* _Brief_
Go through the following data and transcribe exactly the stretch of lines from the one holding "Lenjerie pat dublu, FINET, Imprimeu" to the one holding "当练习快要结束时,二营全体同", both included.

* _Exercise input_
-- Opening Marker --

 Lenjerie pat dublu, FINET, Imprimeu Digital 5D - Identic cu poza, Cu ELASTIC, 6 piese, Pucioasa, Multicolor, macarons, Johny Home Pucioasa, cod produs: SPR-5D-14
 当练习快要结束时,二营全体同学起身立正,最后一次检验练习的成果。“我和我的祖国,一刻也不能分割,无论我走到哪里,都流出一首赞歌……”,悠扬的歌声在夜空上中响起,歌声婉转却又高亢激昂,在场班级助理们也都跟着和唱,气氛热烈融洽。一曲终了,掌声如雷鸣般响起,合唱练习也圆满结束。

-- Closing Marker --
-- Opening Marker --

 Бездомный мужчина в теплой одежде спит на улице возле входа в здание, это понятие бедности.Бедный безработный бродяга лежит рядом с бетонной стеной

-- Closing Marker --

* _Response box_
 Lenjerie pat dublu, FINET, Imprimeu Digital 5D - Identic cu poza, Cu ELASTIC, 6 piese, Pucioasa, Multicolor, macarons, Johny Home Pucioasa, cod produs: SPR-5D-14
 当练习快要结束时,二营全体同学起身立正,最后一次检验练习的成果。“我和我的祖国,一刻也不能分割,无论我走到哪里,都流出一首赞歌……”,悠扬的歌声在夜空上中响起,歌声婉转却又高亢激昂,在场班级助理们也都跟着和唱,气氛热烈融洽。一曲终了,掌声如雷鸣般响起,合唱练习也圆满结束。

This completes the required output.